I will get discarded anyway 😂😂😂
There ws one good one like this some years ago yet we wee still so different bc i was still people pleasing and it takes a psychologically informed one to hang at my level so i can respect them
thank you BM, taking note with my own suspect-of-a-DA !
Great ,so none of that i got. 😢
Bombarding someone with messages and expecting them to don't drop everything they're doing to respond, would be immature behavior.
My guy does none of those things however he punishes me for telling him he's a Dismissive Avoidant and I'm an Empath with more stonewalling and distance. He lives 2 hours away yet keeps making excuses not to visit. He devotes almost all his time to social media and hobbies and expects our love to survive his breadcrumbing. He's an emotional sadist yet says he's scared of me confronting him or the sluts who send him love hearts on Facebook. I'm not getting enough from this relationship to make it worth taking seriously.

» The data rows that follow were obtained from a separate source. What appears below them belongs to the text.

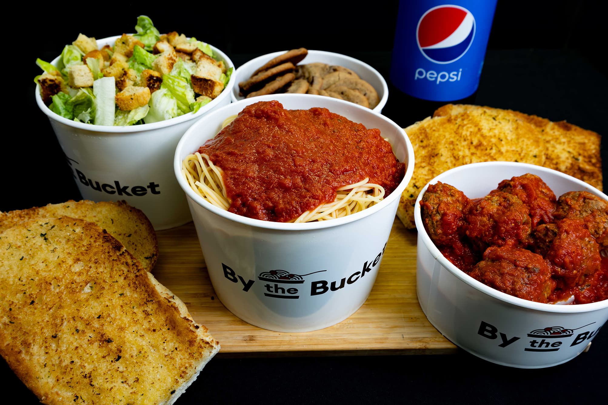 By-the-Bucket is a restaurant that serves delicious, hot spaghetti to go. Located in Anthem, Arizona.
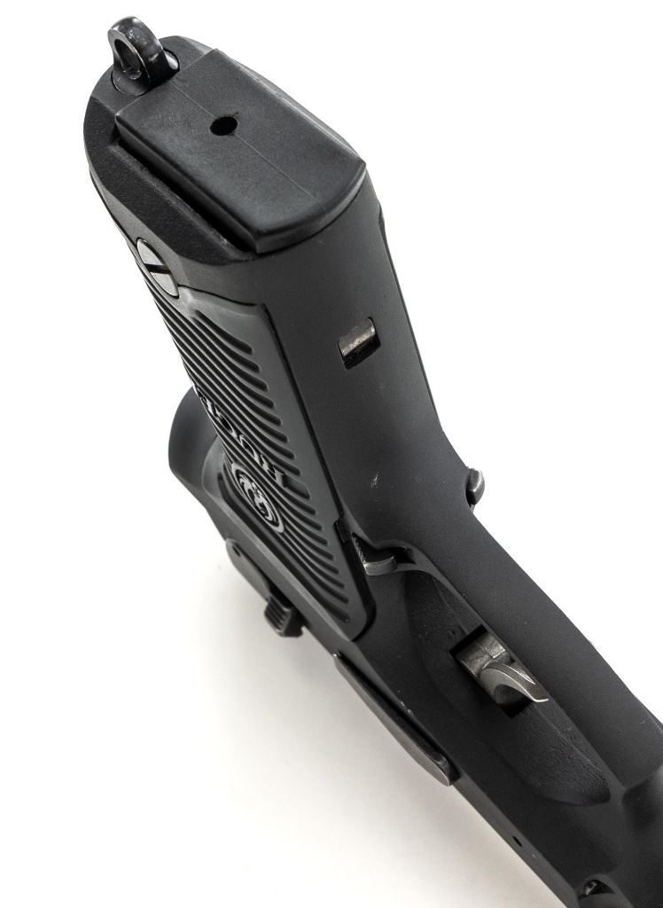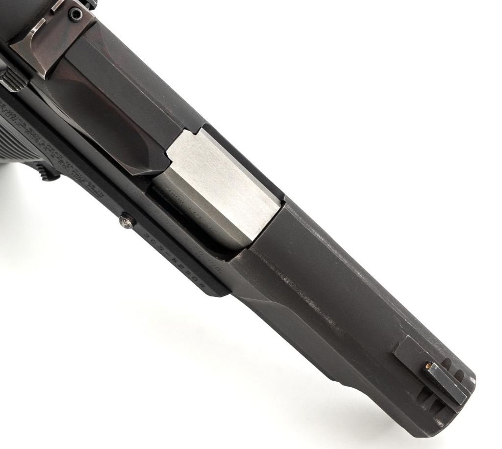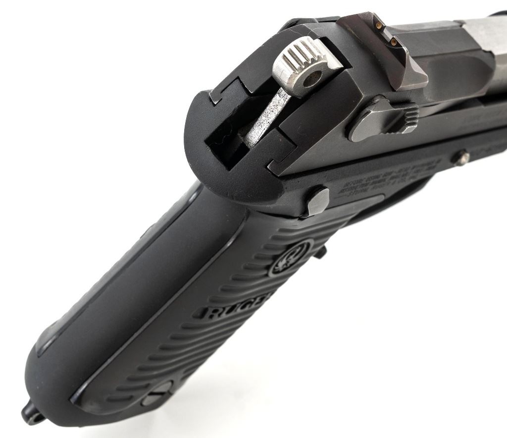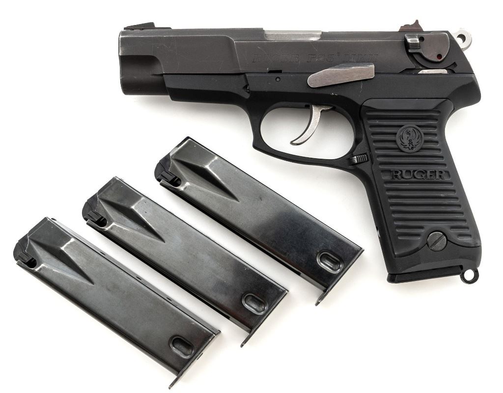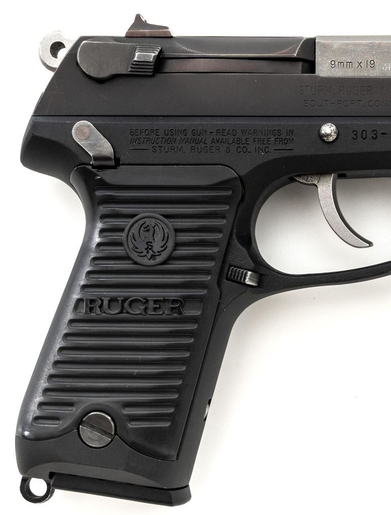 Ruger P85 MK II Semi-Automatic Pistol, #303-52908, 9mm, double/single action, 4.5" barrel, blued slide which has begun to tone to a plum color, black aluminum frame, black plastic Ruger serrated grips, ambidextrous safety/decocker, ambidextrous magazine release, with white 3-dot sights. Mfgd 1991. Includes one Mec-Gar 10-round magazine and three (3) unmarked 15-round magazines. Condition is very good showing finish wear to the decocker, rear sight, and some of the high points. Frame and slide show scattered light handling marks. Action is smooth, bore is bright with strong rifling. Est.: $300-$400. (Modern/PPT) (Magazines with a capacity greater than 10-rounds are not available for sale to CA residents or other states where such items are prohibited.)
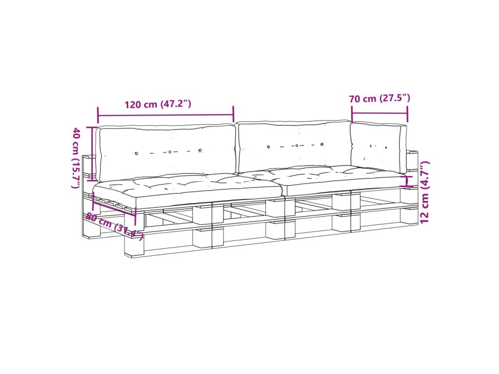 - 2x poduška na sedák: 120 x 80 x 12 cm (D x Š x T)
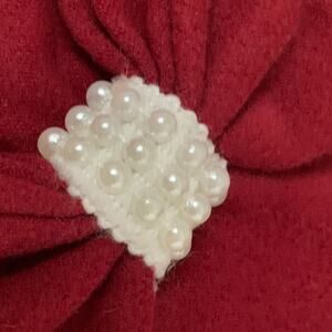 Maroon red dressy winter coat for dogs by Fab Dog. This coat has a high back collar or neckline, a bow on the back with white bead detail, a slit for a leash and double straps under the belly. It is NEW, with tags.
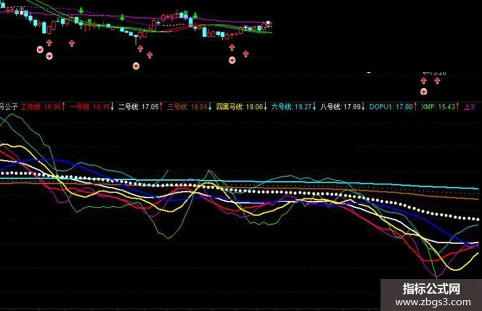四黑码线:EMA(CLOSE,453),POINTDOT,LINETHICK2,COLOR00FFFF;
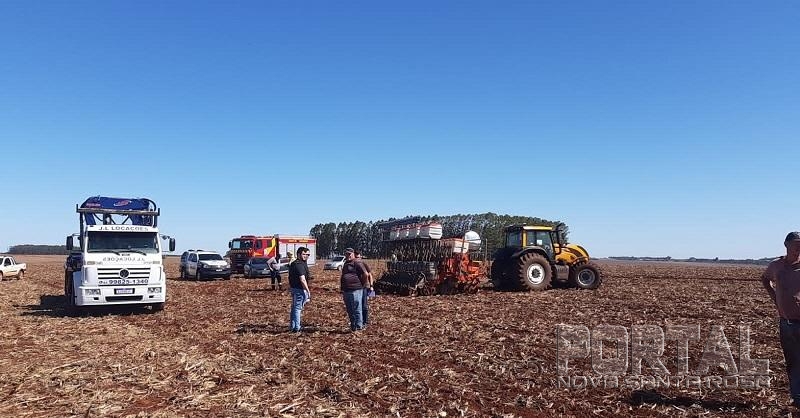 O Corpo de Bombeiros foi acionado as 13h37 de deslocou até uma plantação, pois as primeiras informações, davam conta que uma pessoa havia caído de um trator, acoplado com uma plantadeira.
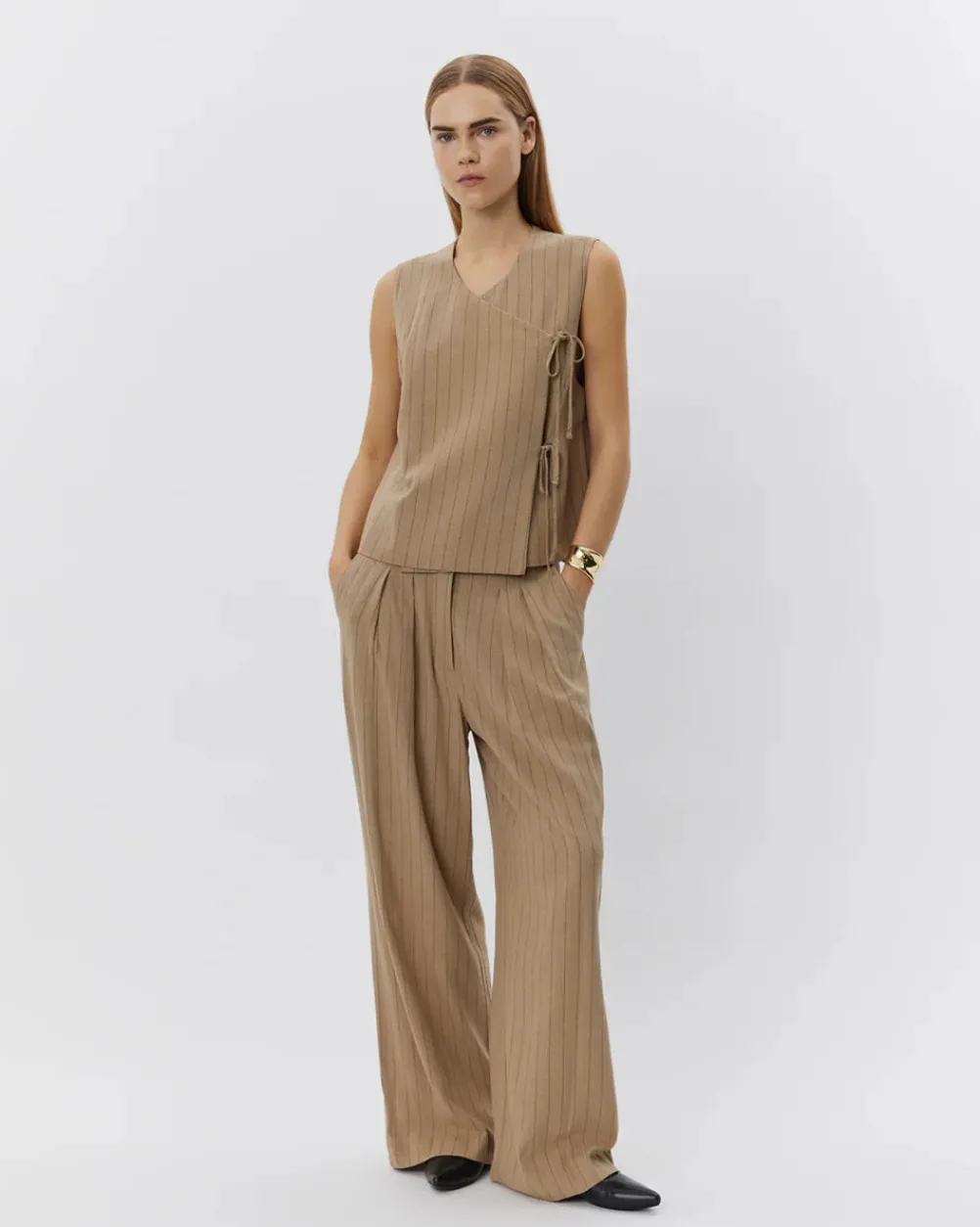 Flot klassisk nålestribet vest fra Sofie Schnoor med asymetrisk lukning med fine bindebånd.
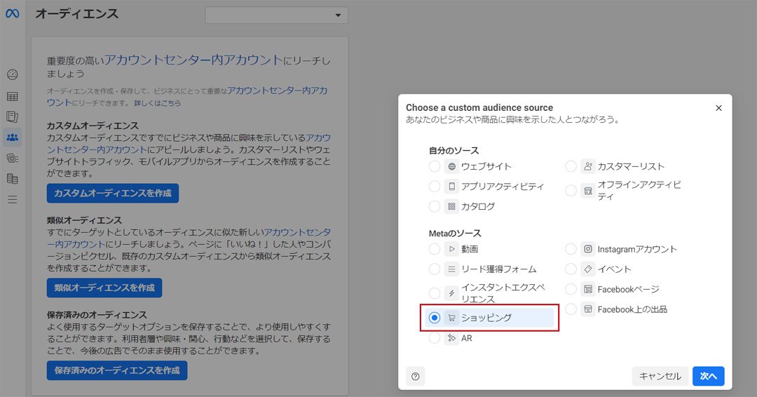 エンゲージメントの選択肢から「ショッピング」を選択します。
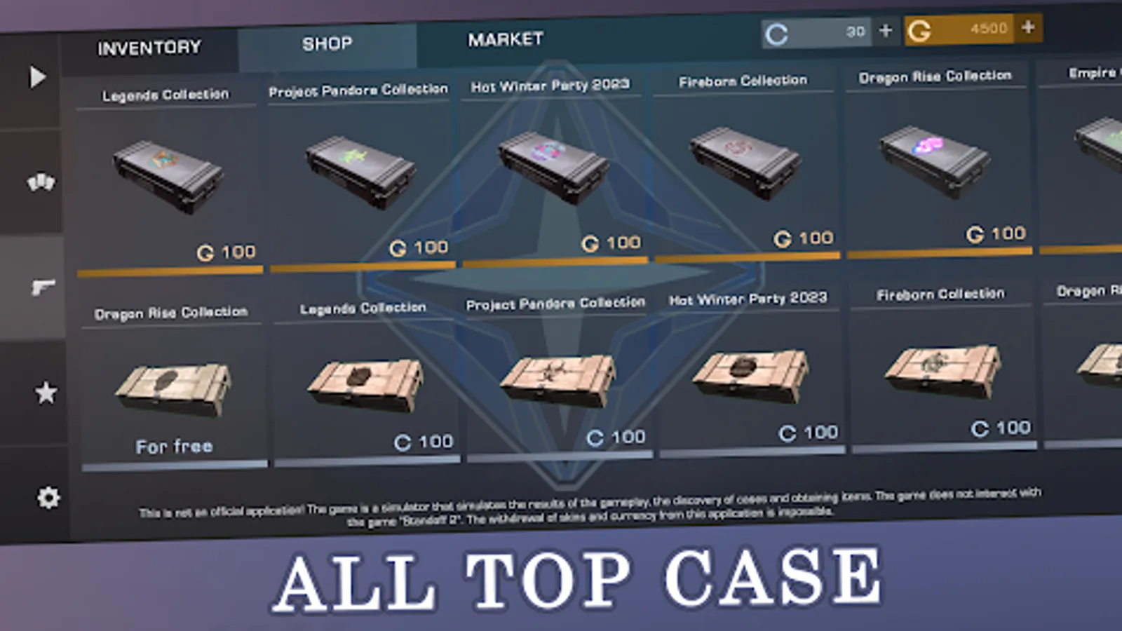 Case Simulator for Standoff 2 is a simulator for open case and boxe , in the game Case Simulator for Standoff 2 there is the possibility of simulating battles in the background and getting gold and various items . In the game , you can open box , buy and sell various items in the market and on the market , craft new items from those that fall out of cases , complete unique missions . The game was created to test luck and the chance of items falling out of cases .
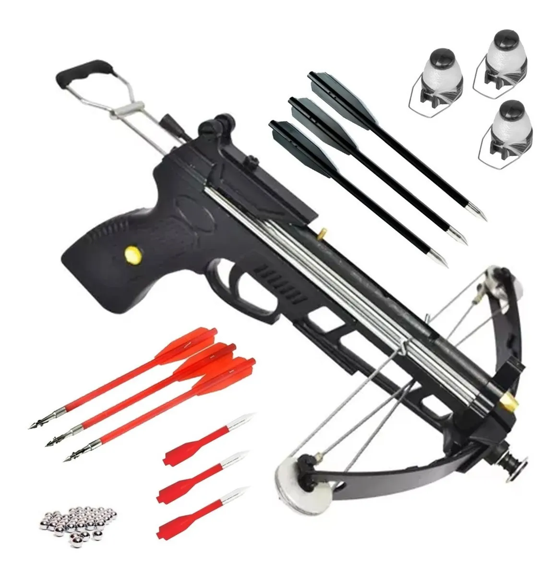 2A - BALLESTA VELOCIDAD 120 FPS - POTENCIA 50 Lbs MEDIDAS 27*29cm - PESO 1.5KG RANGO EFECTIVO 56M POTENCIA 50 Lbs CARGADOR PARA BALINES Capacidad: 15 bolas de acero INCLUYE: 3 FLECHAS 175MM DE PESCA 3 FLECHAS 160MM DE CAZA 2 FLECHAS 80MM DE CAZA 3 FLECHAS 25MM RUEDA 20 BALINES ESFERICOS DE 6MM
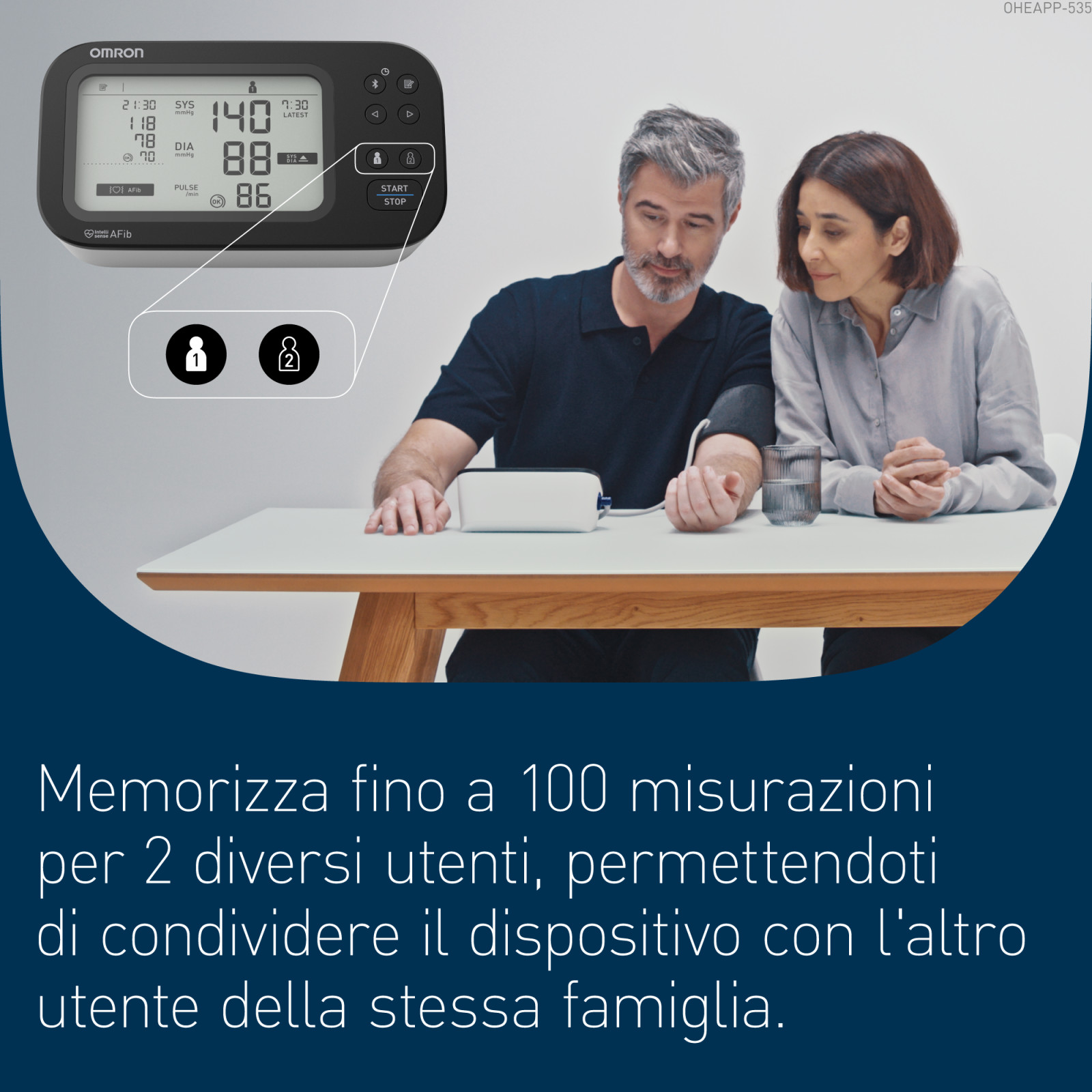 Trasforma il tuo controllo della pressione arteriosa a casa in una potente difesa contro l'ictus con M7 intelli IT AFib, che si avvale della tecnologia Intellisense AFib di OMRON, clinicamente validata.
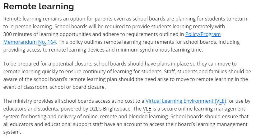 “For the 2021-22 school year, the Ministry of Education will continue to focus on supporting the health, safety and well-being of students, families and staff. Based on advice from the Chief Medical Officer of Health, schools are permitted to open for in-person learning with health and safety measures in place for the 2021-22 school year.”

Get out, they are mentally ill, it doest not get better
He's getting his cake and eating it, sounds like. Don't let people take advantage of your heart, been through this over and over when I was younger because I thought it was love and wanted to keep hoping that if I did something better they'd come back and love me. Doesn't happen like that; love on you first and let these types aside, that have nothing to offer you.
Yeah, they are masters at giving just the right amount to keep you until they dont want a relationship any longer. And then if you say fine and walk, they then start with the breadcrumbing to try to get you back. A sick game that nobody should ever take part in.
Manipulative behavior...
Should I do no contact with them and if so how long should I continue it...started already and I really just want to hear from them idk I'm lost
If three months has passed you can't lose anything imo. But have those boundaries up, like know what you won't tolerate. There's some videos on how secure attached reacts...
Establish some boundaries when and if they reach out. If they don't respect you're boundaries leave them along forever!!!!